Je me hisse sans mal sur le navire. Soudain un couteau se plaque sur ma gorge. Je retiens mon souffle. Pas encore assez rapide, ni assez silencieuse. Liassos, l'esclave préférée de Méphistès, veille. À ma vue, elle baisse son arme en marmonnant je ne sais quelle remarque désobligeante dans une langue lointaine. Elle m'introduit dans la cabine de mon frère qui n'a guère envie d'être réveillé. Il est d'une humeur massacrante et souhaite vraiment que cela en vaut la peine. Il ne sera pas déçu. Pas besoin de tergiverser, je présente ma requête sans détour. Il pâlit, cherche un espoir d'hésitation mais j'y suis résolue.

_ Es-tu folle ?

_ Non.

_ As-tu conscience de ce que tu me demandes ?

_ Parfaitement.

_ Je refuse !

_ Mon initiation est achevée. Je peux le faire.
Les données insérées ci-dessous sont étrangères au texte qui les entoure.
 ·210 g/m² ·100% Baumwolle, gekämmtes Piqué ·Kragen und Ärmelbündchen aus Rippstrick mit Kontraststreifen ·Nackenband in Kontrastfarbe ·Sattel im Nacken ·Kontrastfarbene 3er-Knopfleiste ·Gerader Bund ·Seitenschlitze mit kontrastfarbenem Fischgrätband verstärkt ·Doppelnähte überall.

_ Ça ne change rien, même une initiée peut y rester.

Je sais cela mais ma résolution est prise. Je ne changerai pas d'avis. Autant ne pas lui mentir soit il me la donne aujourd'hui soit j'attendrai la caravane d'hiver ou le retour de Démétrius. Il doit bien en vendre lui !

_ Tu ne renonceras pas ? s'inquiète-t-il, certain de connaître la réponse.

_ Non.

_ Isoha ne sera jamais d'accord, bougonne-t-il.
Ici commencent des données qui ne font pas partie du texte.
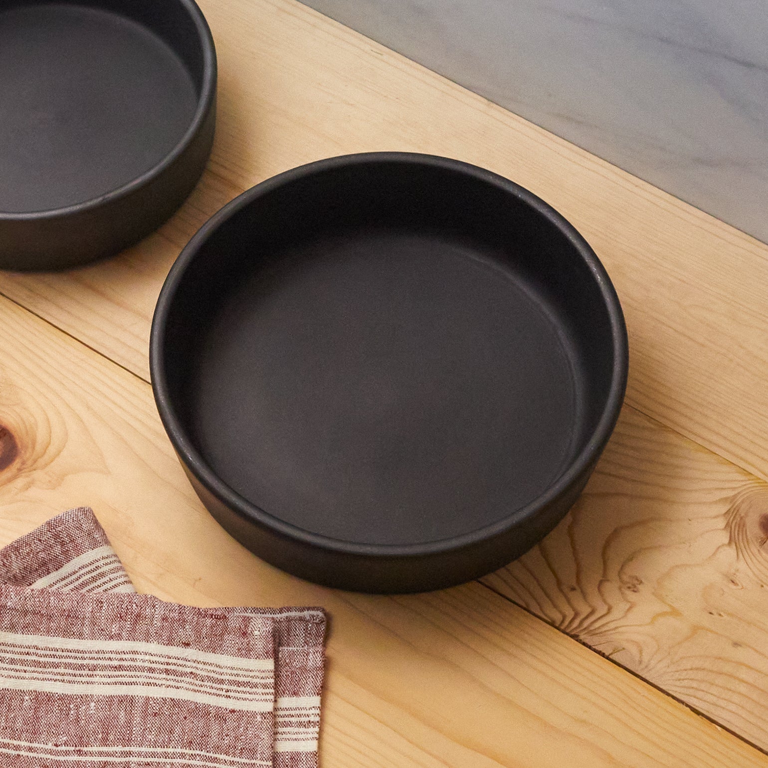 The Barro bakeware collection comes from northern Portugal. Called Barro Negro, or black clay, it is ideal for roasting, braising, and baking. A high fired earthenware without glazing, the length of time and temperature in the kiln develops deep carbonization resulting in the clay becoming a deep graphite like black. Flavor of food prepared in the barro negro is enhanced due to the "steaming" effect which occurs because of the porous quality of clay. Barro Negro bakeware is ideal for serving direct from oven to table.

_ C'est bien pour cela que je ne m'adresse pas à elle !

_ Attends au moins le retour de Iolass.

_ À quoi cela servirait-il ?

_ C'est un Atlante.

_ Grand bien lui fasse.

Il sort. J'ai gagné. À son corps défendant, mais j'ai gagné. J'espère seulement qu'il n'ira pas cafter. Il descend au pont inférieur, dans sa réserve personnelle. Il remonte en marmonnant toujours et lâche sur la table un minuscule sac de toile que je ramasse avant qu'il ne change d'avis. L'odeur d'amande amère m'indique que nous nous sommes bien compris.

_ Tu es sûre de toi ? essaie-t-il encore.

_ Aussi sûre qu'on puisse l'être.

_ Tu vas devoir apprendre à te débrouiller sans moi, lance-t-il en s'installant à nouveau sur sa couche. Je lève l'ancre.

_ En plein hiver ? Pourquoi ? C'est inhabituel !

_ Des bruits courent sur l'Atlantide. Je vais voir ce qui se passe, ordre de la reine.

_ C'est grave ?

_ Si les bruits se confirment, ça peut l'être. Mais inutile d'alarmer ton protégé, son grand frère s'en charge.

Très drôle ! Il adore cette plaisanterie fraternelle mais, derrière le badinage, je sens une inquiétude profonde. Mon projet ne fait que la renforcer et seule la certitude que je trouverai tôt ou tard ce qui me manque l'a fait céder. Il préfère que le danger vienne de sa main que de celle d'un étranger. Il est temps de prendre congé avant qu'il ne change d'avis.

Avec mille précautions, je rejoins mes appartements. Le soleil se lève, il me reste quelques heures pour tout préparer.